Flight Assignment/Project Notes: NOTE: Element change to Human Factors & Behavioral Performance; previously Space Human Factors & Habitability (Ed., 1/19/17)

Task Description: Astronauts on long duration space exploration missions are vulnerable if they suffer from an acute medical emergency in space. Effective diagnosis, stabilization, treatment, and transport are reliant on the skills and ability of fellow crew members. Without adequate skills and training to handle such emergencies, mission objectives can be compromised to the extent that the mission may fail. Extensive research in healthcare is showing that specific skills, often termed non-technical skills (situation awareness, decision making, coordination, leadership) are critical in successfully managing medical events and in improving patient outcomes. The complexity of medical emergencies in space will pose unique challenges and demand context-specific non-technical skills training of the crew. Identifying the essential non-technical skills of the crew for managing medical emergencies, and associated objective measures of proficiency is an essential first step to building training curricula to fill the gap.

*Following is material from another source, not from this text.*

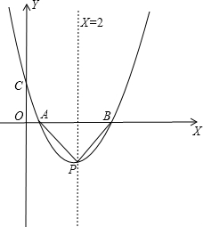 (2)现根据称轴为x=2,求出b的值,再求出△APB的高等于1时c的值,再通过图形变化直接得出c的值.

In this proposal, we will gather data using mixed methods including literature review, focus groups, and Delphi panel to identify the essential medical non-technical skills for astronaut crew. We will do this in partnership with an expert panel of astronauts, scientists, and clinicians from NASA and extended networks. We will then develop and implement a series of simulations depicting medical emergencies in a ground-based spacecraft medical bay simulator. Video recordings of these scenarios will be analyzed to define and refine objective measures of non-technical skills proficiency for the management of medical emergencies in this spaceflight. The proposed study will form the basis of training curricula in medical non-technical skills, evaluation of training effectiveness and objective measurement of proficiency that will support crew health and safety, and reduce the likelihood of performance failures when managing medical emergencies in space.

Research Impact/Earth Benefits:

Task Progress & Bibliography Information FY2016 
Task Progress: New project for FY2016.